Roth then caught the rope thrown him and was drawn to safety.
The bodies of the Stantons and Burrell Hecock were never found, and after this terrible tragedy, people were banned from walking on the ice bridge.
The ice was quite thick that year, almost 40 feet, but a large sheet of ice that plunged over the brink dislodged the bridge and set the wheels in motion for what would be one of the most dramatic events in Falls history.
Red Hill Sr. Hero
Red Hill Sr. was a Canadian daredevil and rescuer, born in Niagara Falls, Ontario in 1888 and a legend in Niagara. He realized the ice was breaking up below and tried to wave the spectators to safety on the Canadian side. Realizing that four people were still on the ice, Red Hill Sr. returned and managed to pull one person, a young boy to safety.

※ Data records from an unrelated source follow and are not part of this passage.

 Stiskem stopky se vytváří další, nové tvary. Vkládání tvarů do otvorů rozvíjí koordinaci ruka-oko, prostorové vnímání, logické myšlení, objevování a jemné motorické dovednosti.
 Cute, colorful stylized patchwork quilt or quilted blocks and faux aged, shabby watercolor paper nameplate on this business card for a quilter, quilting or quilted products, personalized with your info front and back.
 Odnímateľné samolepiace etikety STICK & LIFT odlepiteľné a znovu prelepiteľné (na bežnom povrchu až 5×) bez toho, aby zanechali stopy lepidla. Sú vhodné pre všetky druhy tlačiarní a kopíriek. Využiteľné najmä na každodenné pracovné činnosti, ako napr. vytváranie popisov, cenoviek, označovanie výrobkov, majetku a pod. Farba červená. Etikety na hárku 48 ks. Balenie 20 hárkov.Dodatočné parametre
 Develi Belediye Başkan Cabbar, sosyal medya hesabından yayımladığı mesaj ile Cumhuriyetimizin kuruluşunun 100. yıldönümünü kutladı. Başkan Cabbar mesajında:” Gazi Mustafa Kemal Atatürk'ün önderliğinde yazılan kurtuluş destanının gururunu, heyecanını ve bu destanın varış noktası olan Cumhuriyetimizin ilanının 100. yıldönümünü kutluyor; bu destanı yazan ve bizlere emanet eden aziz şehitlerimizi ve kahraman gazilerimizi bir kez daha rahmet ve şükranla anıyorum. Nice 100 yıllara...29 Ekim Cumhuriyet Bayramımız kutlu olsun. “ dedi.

Three others were not so lucky, and despite frantic efforts to drop ropes from the bridges, the three terrified people were swept to their deaths, their bodies never recovered. Had it not been for the quick actions of Red Hill Sr. that day the tragedy could have been much worse
A News article described the event
DRIFT TO DEATH ON FLOATING ICE.
WOMAN AND TWO MEN DROWN IN NIAGARA RAPIDS.
IN VIEW OF THOUSANDS.
THEY ATTEMPTED TO CROSS ICE BRIDGE, WHEN THE MASS BROKE AND THEY WERE CARRIED AWAY ON CAKES OF ICE.

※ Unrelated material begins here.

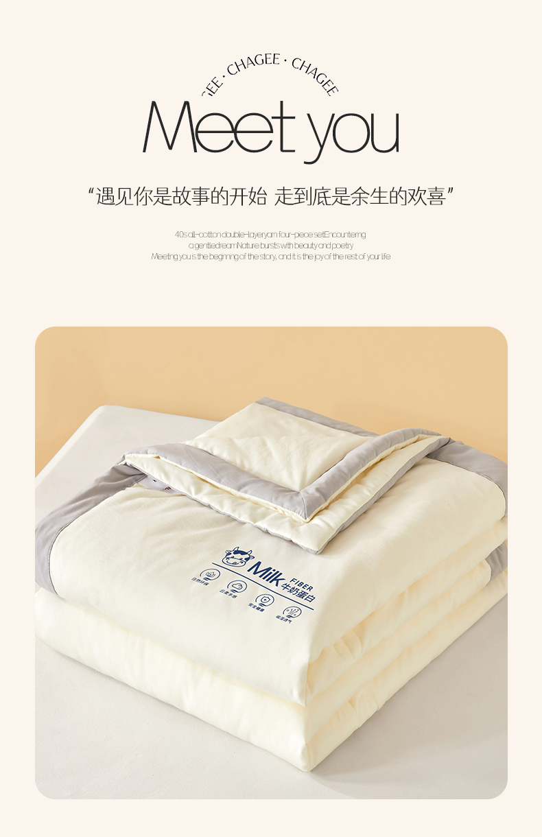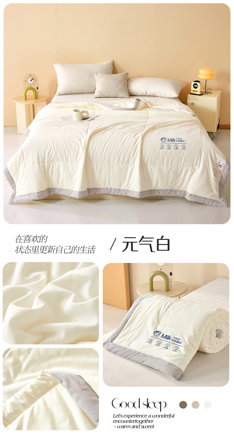猎鹿人家纺 2025新款牛奶蛋白夏被 元气白

Niagara Falls, N.Y., Feb. 5. — One woman and two men, who had ventured to cross the Niagara River near the falls on the ice bridge, were drowned in the whirlpool rapids, two miles below the falls, to which point they had drifted on the ice in full view of thousands who were helpless to render aid, though every effort was made.
Their names are MR. and MRS. ELDREDGE STANTON, of Toronto, Ont., and BURRELL HECOCK, of Cleveland, O.
A great mass of ice broke away and was swept by the current toward the rapids and pool. When the ice broke there were at least eight persons on the ice, but five of these are believed to have gained the shore in safety, some of them a mile below the falls and midway to the rapids.
Two men and a woman did not escape. One of the men floated on a cake of ice ahead of the other man and woman. When the jam started out the fact was phoned to the lower steel arch bridge and to the cantilever bridge, this latter being about 300 feet above the lower arch. Both stand directly over the entrance to the rapids.
Men with long ropes had rushed out from the Canadian and New York ends of the bridges and dropped the ropes down to the river, and then had moved along the deck of the bridge until right over the persons on the moving ice.
The first man grasped the rope and held it fast. The men on the bridge started to pull him up, but when he had been drawn up forty feet he let go and dropped into the river and was lost.
The other man and the woman next reached the rope as the current swept them on. The man caught the rope and seemed to attempt to tie it about the woman, but the current hurried them along and their chance for rescue was lost. They drifted under both bridges into the rapids in full view on the ice. They were seen to sink to their knees and then the waves washed over them and they disappeared in the seething, grinding mass of ice and water.
It is believed that the man first lost was about twenty-one years old. The woman was older. She wore a suit of gray, a white sweater and a big black hat with plumes. Some watchers believed she fainted when the man tried to tie the rope about her.
The current sweeps under the two bridges with great rapidity, and it may be that the rope was too short to allow of the movement of the current during the time he was trying to put the rope around her.
Persons who were near the falls when the jam broke say they are centain other lives have been lost. One man reports having seen a womana leap from the ice into the water near the upper arch bridge.
The thermometer has ranged around zero and the cold was intense in the gorge. For this reason the man and woman who died together must have been benumbed by the time they had reached the point of attempted rescue, for they were drifting nearly an hour.